(Data excerpts)
........

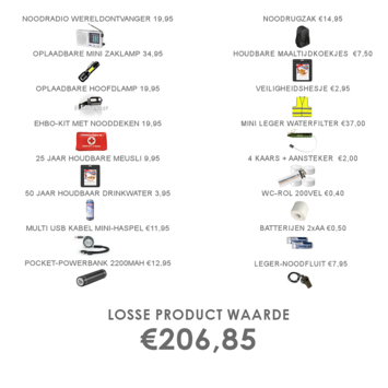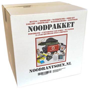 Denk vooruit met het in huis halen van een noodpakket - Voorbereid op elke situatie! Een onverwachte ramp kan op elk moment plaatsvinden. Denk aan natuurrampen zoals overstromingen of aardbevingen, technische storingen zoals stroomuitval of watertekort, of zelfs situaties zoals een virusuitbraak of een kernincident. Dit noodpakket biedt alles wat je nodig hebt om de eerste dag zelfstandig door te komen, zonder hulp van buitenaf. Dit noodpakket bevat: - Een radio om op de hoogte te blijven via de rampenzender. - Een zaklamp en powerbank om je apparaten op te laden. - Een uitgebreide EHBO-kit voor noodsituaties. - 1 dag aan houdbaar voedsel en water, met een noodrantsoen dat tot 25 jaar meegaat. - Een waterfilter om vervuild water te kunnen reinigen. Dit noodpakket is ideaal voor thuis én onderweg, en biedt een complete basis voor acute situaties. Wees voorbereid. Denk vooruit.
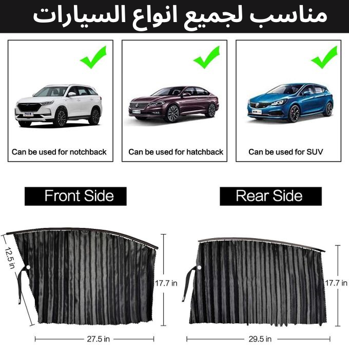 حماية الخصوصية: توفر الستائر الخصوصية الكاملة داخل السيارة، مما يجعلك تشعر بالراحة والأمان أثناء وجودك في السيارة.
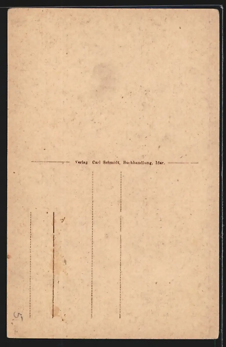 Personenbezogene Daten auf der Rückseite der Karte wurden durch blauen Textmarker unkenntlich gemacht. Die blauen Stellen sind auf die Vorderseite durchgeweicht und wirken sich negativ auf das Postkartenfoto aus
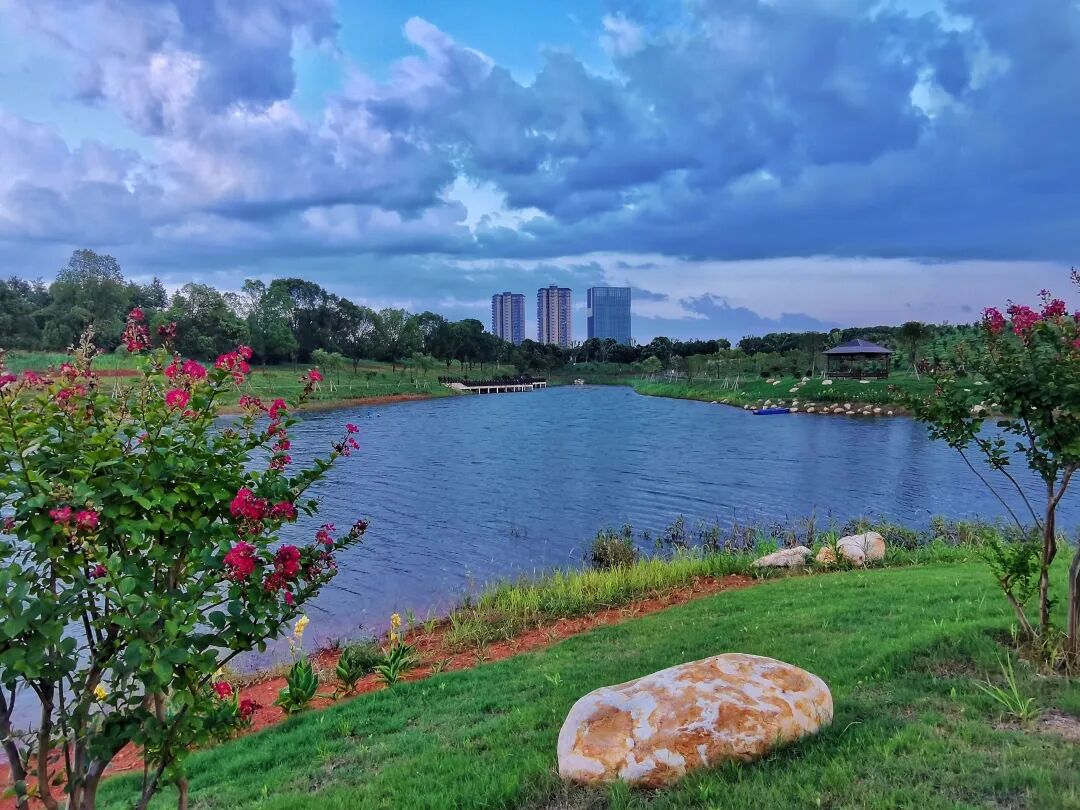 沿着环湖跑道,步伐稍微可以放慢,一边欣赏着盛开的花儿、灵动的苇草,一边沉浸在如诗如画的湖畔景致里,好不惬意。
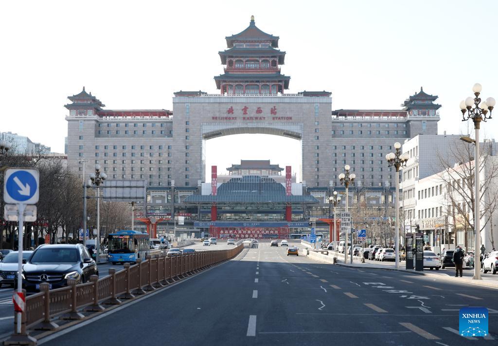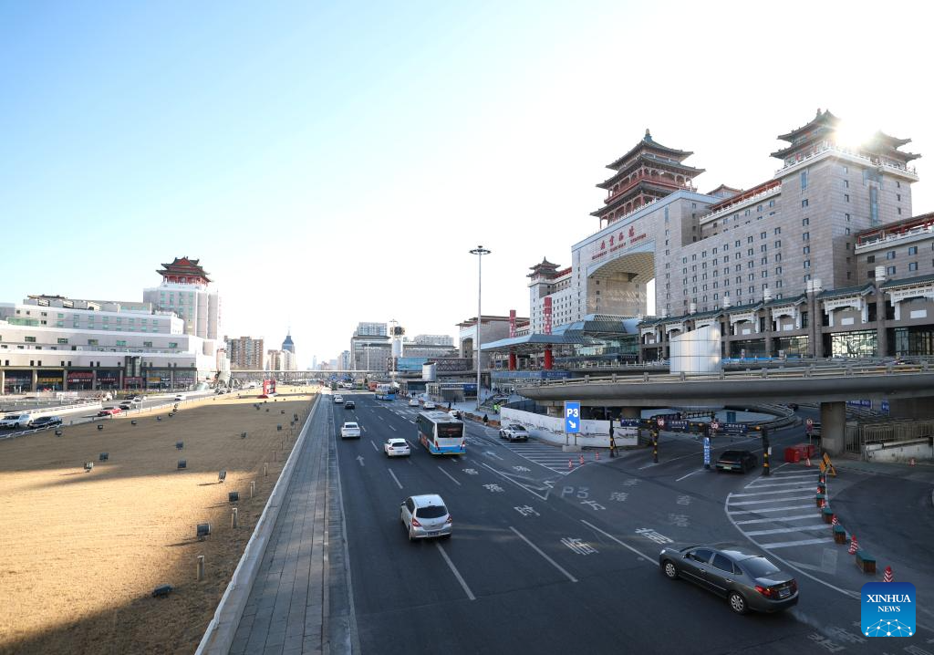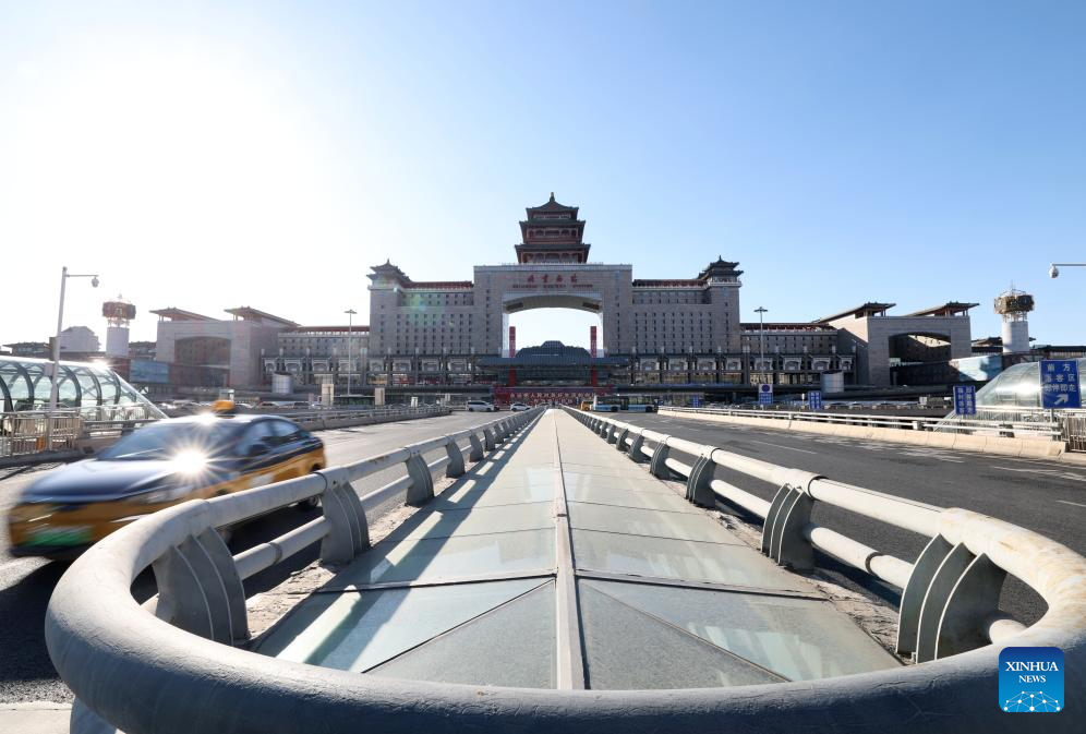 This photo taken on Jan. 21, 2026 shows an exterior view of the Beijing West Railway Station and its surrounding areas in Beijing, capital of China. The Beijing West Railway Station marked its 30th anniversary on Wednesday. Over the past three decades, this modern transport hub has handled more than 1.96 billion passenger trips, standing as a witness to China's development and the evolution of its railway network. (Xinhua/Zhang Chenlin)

........

§ The task:
Repeat exactly the lines from the one containing "حماية الخصوصية: توفر" to the last line of the records above, including both, and leave out any pictures.

§ Task solution:
 حماية الخصوصية: توفر الستائر الخصوصية الكاملة داخل السيارة، مما يجعلك تشعر بالراحة والأمان أثناء وجودك في السيارة.
 Personenbezogene Daten auf der Rückseite der Karte wurden durch blauen Textmarker unkenntlich gemacht. Die blauen Stellen sind auf die Vorderseite durchgeweicht und wirken sich negativ auf das Postkartenfoto aus
 沿着环湖跑道,步伐稍微可以放慢,一边欣赏着盛开的花儿、灵动的苇草,一边沉浸在如诗如画的湖畔景致里,好不惬意。
 This photo taken on Jan. 21, 2026 shows an exterior view of the Beijing West Railway Station and its surrounding areas in Beijing, capital of China. The Beijing West Railway Station marked its 30th anniversary on Wednesday. Over the past three decades, this modern transport hub has handled more than 1.96 billion passenger trips, standing as a witness to China's development and the evolution of its railway network. (Xinhua/Zhang Chenlin)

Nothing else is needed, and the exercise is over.